→ **EXERCISE BRIEF**
While copying the entries exactly, leave out each picture they contain.

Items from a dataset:
————————

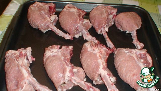 Каждый кусок мяса моем , обрезаем лишний жир и зачищаем косточку.
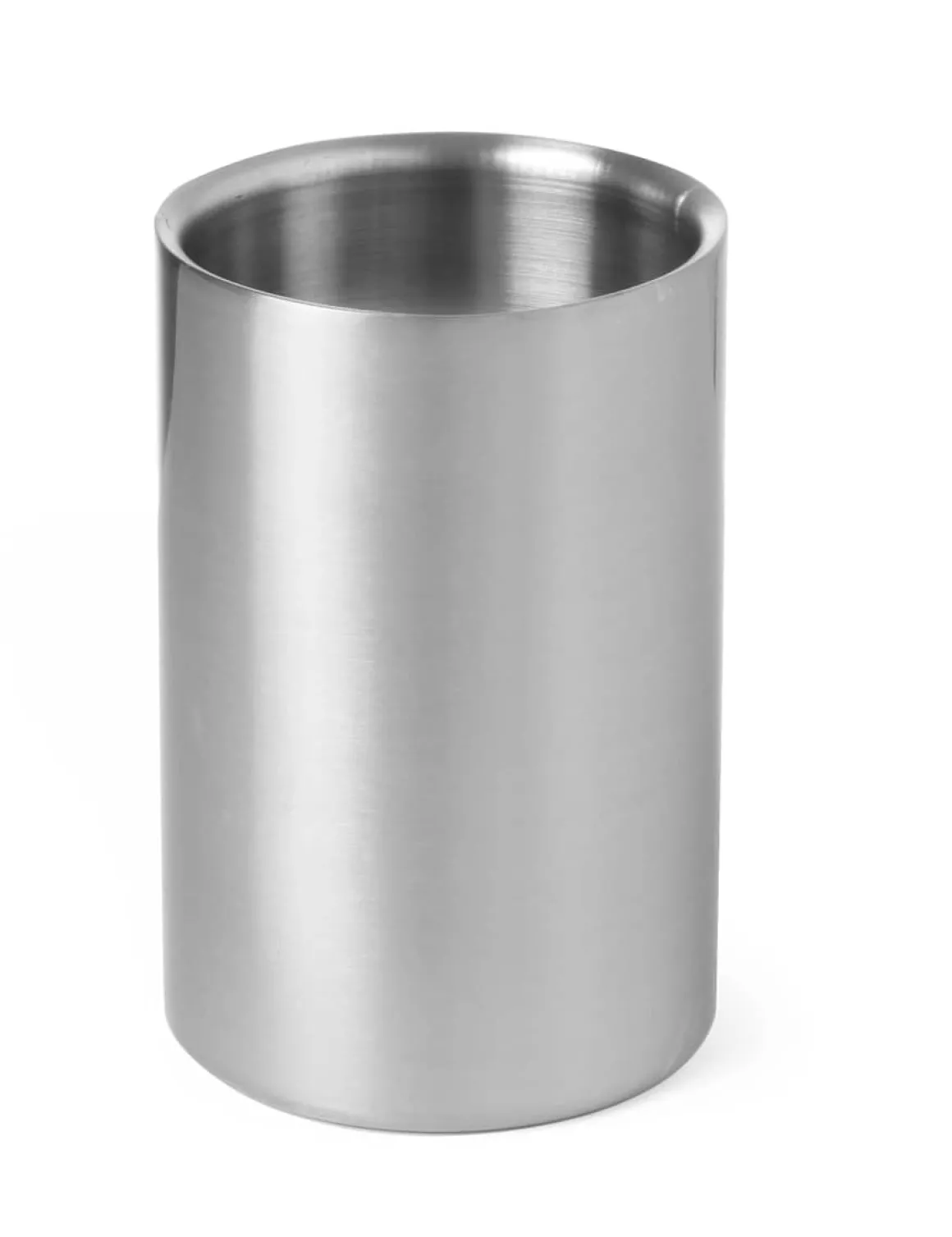 Zylinderförmiger Flaschenkühler aus Edelstahl. Durch seine doppelwandige Fertigung wird kein Eis zum Kühlen benötigt. Edle Optik durch mattes Finish der Außenseite.
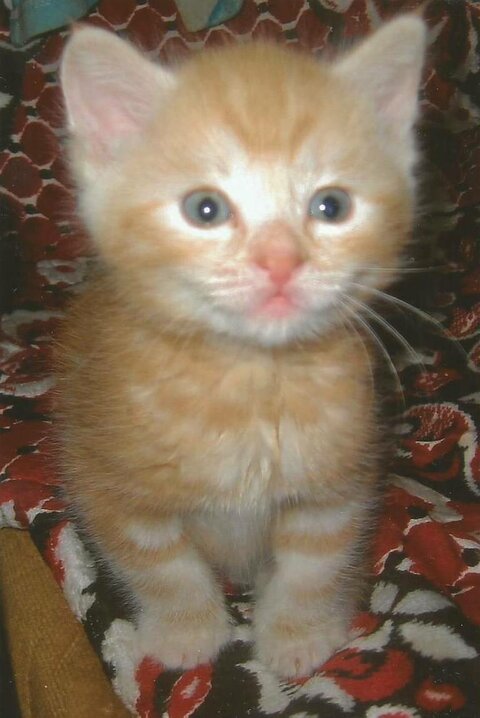Im Eingang und im Keller lebte eine Katze, immer so, wie ich das Haus verließ (7. Stock) und nicht flauschig, sondern absolut glatt. Sie ging hinunter und rieb sich an den Füßen, ich fütterte. Aber bald ist unsere schwarz-weiß-rote Plüschkatze verschwunden, die Enkelin hat erzählt, dass die Katze von der Freundin - der Kollegin am Ende der Fachschule - mitgenommen wurde. Später schickte ich ein Foto der bereits sehr gepflegten Katze, und ihre vier Kätzchen sind zwei Rothaarige, schwarz und weiß, alle absolut glatt, nicht flauschig. Eine Rothaarige wohnt bei uns. Da ist er auf dem Bild.
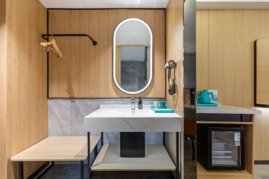 商务出差,酒店很好,房间很大,房间设施很新,有机器人送餐,停车方便,前台小姐姐很好,免费给我延长了退房时间。
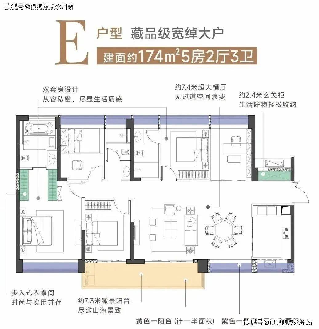 经典的竖厅格局动静分离。五房三卫设计满足大家庭居住需求。约7.4米超大横厅和7.3米瞰景大阳台打造舒适居住空间。
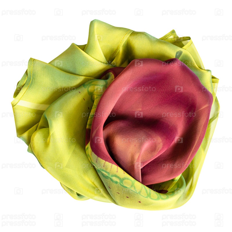 Завернутый вручную расписанный шелковый шарф, изолированный на белом
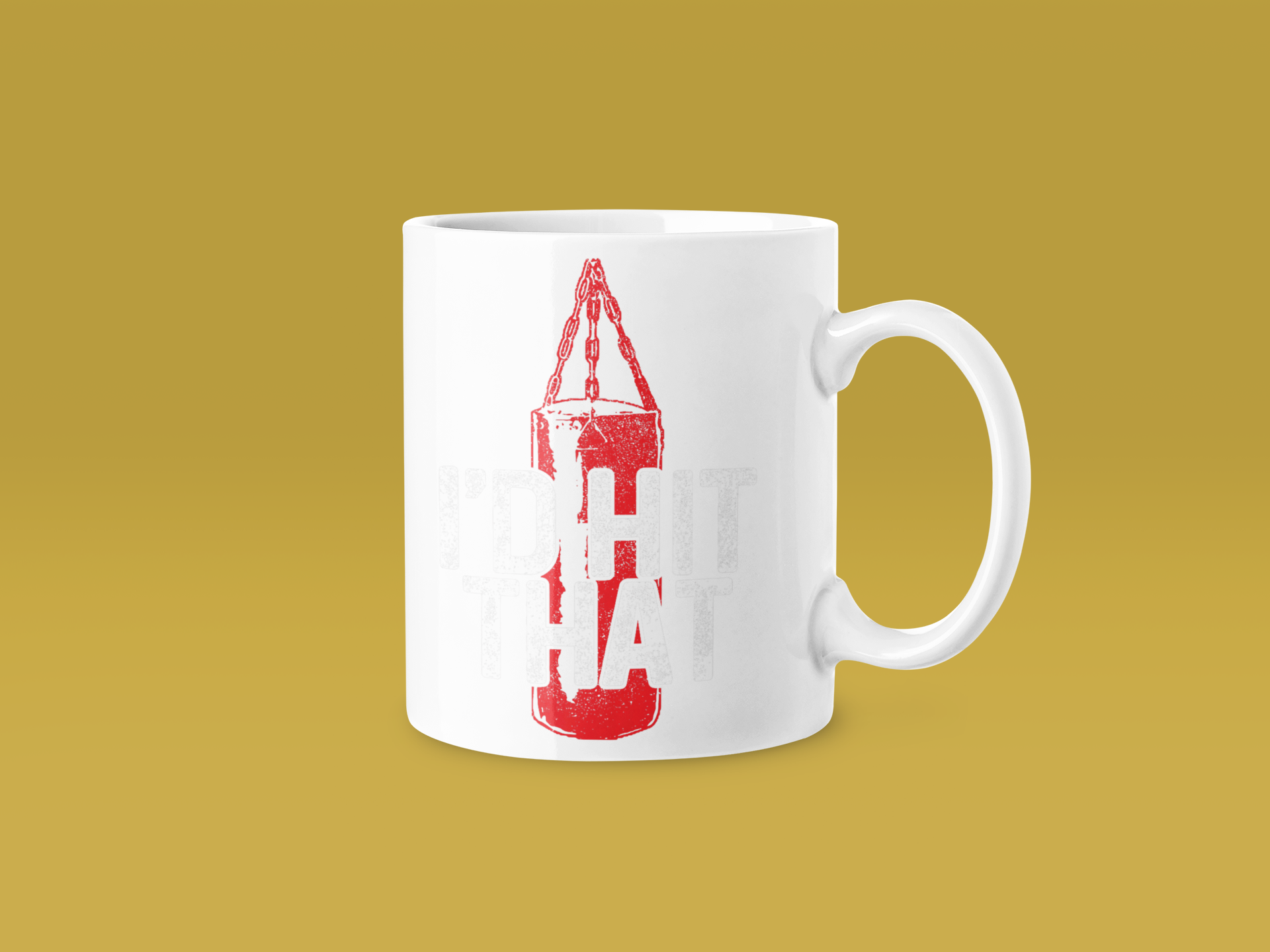 A design featuring a classic heavy bag with the phrase I’d Hit That, combining one of boxing’s most iconic training tools with playful double meaning. Practical and cheeky.

————————

→ **OUTPUT**
 Каждый кусок мяса моем , обрезаем лишний жир и зачищаем косточку.
 Zylinderförmiger Flaschenkühler aus Edelstahl. Durch seine doppelwandige Fertigung wird kein Eis zum Kühlen benötigt. Edle Optik durch mattes Finish der Außenseite.
Im Eingang und im Keller lebte eine Katze, immer so, wie ich das Haus verließ (7. Stock) und nicht flauschig, sondern absolut glatt. Sie ging hinunter und rieb sich an den Füßen, ich fütterte. Aber bald ist unsere schwarz-weiß-rote Plüschkatze verschwunden, die Enkelin hat erzählt, dass die Katze von der Freundin - der Kollegin am Ende der Fachschule - mitgenommen wurde. Später schickte ich ein Foto der bereits sehr gepflegten Katze, und ihre vier Kätzchen sind zwei Rothaarige, schwarz und weiß, alle absolut glatt, nicht flauschig. Eine Rothaarige wohnt bei uns. Da ist er auf dem Bild.
 商务出差,酒店很好,房间很大,房间设施很新,有机器人送餐,停车方便,前台小姐姐很好,免费给我延长了退房时间。
 经典的竖厅格局动静分离。五房三卫设计满足大家庭居住需求。约7.4米超大横厅和7.3米瞰景大阳台打造舒适居住空间。
 Завернутый вручную расписанный шелковый шарф, изолированный на белом
 A design featuring a classic heavy bag with the phrase I’d Hit That, combining one of boxing’s most iconic training tools with playful double meaning. Practical and cheeky.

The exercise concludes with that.